In affirming the decision of this court on the former appearance of this ease the Supreme Court stated: “Accordingly, since it is *628 not otherwise alleged, it is proper to assume that the ticket purchased by the plaintiff was issued to bearer; that its use was not ■limited to that particular bus; and that the portion of the ticket entitling her to transportation from Montgomery to LaGrange had not been punched, and was subject to use by any other person who might present the same. Under such circumstances it is clear that the plaintiff was not entitled to transportation. . . ‘The reason is obvious. Passage tickets, in the absence of restrictive conditions, are assignable, and good in the hands of any one. If the loss of a ticket were a sufficient excuse for nonpayment of fare, a carrier might be subjected to the burden of carrying two or more persons for a single fare.’ ” Teche Greyhound Lines Inc. v. Daigre pont, 189 Ga. 601, 603, supra. The court further held that the present case was not “analogous to ‘sleeping-car cases’ where the ticket sold is limited to a particular train and a particular berth.” In the amendment to the petition the plaintiff alleged that the ticket which was lost had not been issued to the bearer, but was a specific ticket issued to her and especially designating her as the owner, .and LaGrange, Georgia, as her destination, and that such ticket was not assignable and not good in the hands of any one except the plaintiff. • The amendment further alleged that the ticket was specifically limited to the particular bus upon which the plaintiff was riding, and that her ticket had been cancelled and punched and was good to LaGrange, and that the driver of the defendant’s bus who had punched and cancelled such ticket informed the new bus driver in Montgomery of this fact.
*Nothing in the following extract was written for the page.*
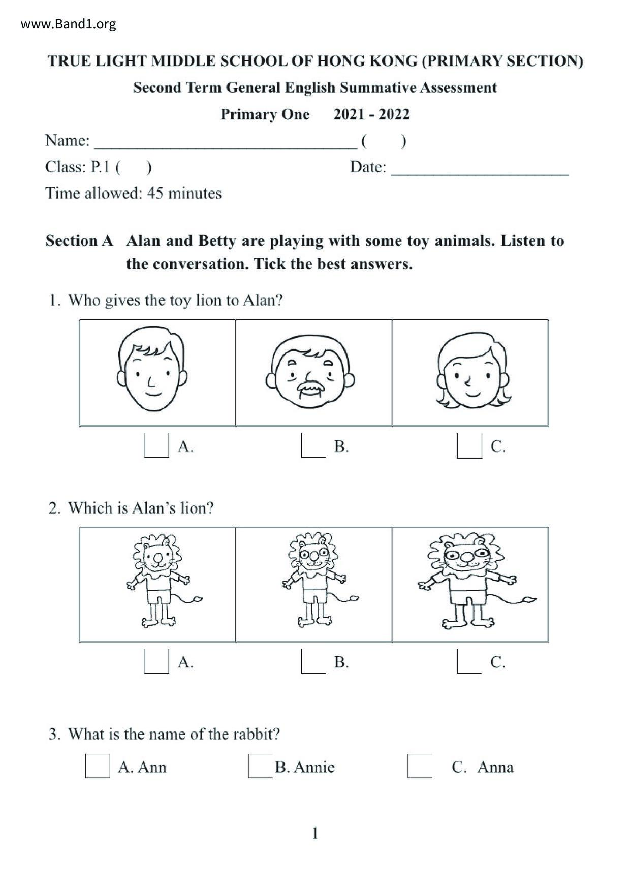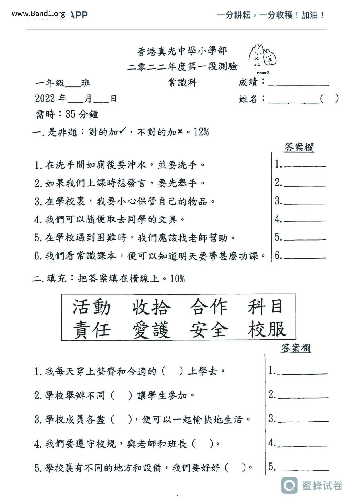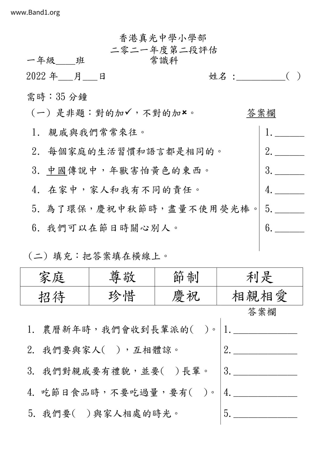 小一 數學 香港真光中學附屬小學暨幼稚園

In Buck v. Webb, 58 Hun (N. Y.), 185 (11 N. Y. Supp. 617, 33 N. Y. St. Rep. 824), the following facts appeared: the plaintiff purchased from the defendant’s agent a ticket for a seat in the defendant’s drawing-room car. Having lost it, he applied to the agent for another. This the agent refused, as the diagram showing the seats for which tickets had been issued was no longer in his possession, but he gave the plaintiff his personal card, on which he wrote and signed a statement that the plaintiff held such seat. The plaintiff presented the card, with the explanation, to the conductor of the car, but the conductor refused to permit the plaintiff to occupy the seat, although it was marked on the diagram as sold, and no other person had claimed it, and the conductor informed the plaintiff that he must pay for a seat or leave the car. *629 Whereupon the plaintiff passed into a common car or day coach and continued there to the end of his journey. The court held that the exclusion of the plaintiff from the seat was unreasonable and that the defendant company was liable in damages sufficient to compensate the plaintiff for the injury. In 4 Michie on Carriers, 3213, § 3554, it is stated: “When a passenger buys a Pullman ticket, and before it is delivered to those in charge of the Pullman car looses [loses] it, he does not thereby loose [lose] his right to a seat or berth to which the purchase of the ticket entitled him. Where such passenger offers sufficient evidence to those in charge of the car of his right to a seat, they have no right to eject him for his refusal to pay again for a berth or seat.” In Pullman Palace Car Co. v. Reed, 75 Ill. 125, 130 (20 Am. R.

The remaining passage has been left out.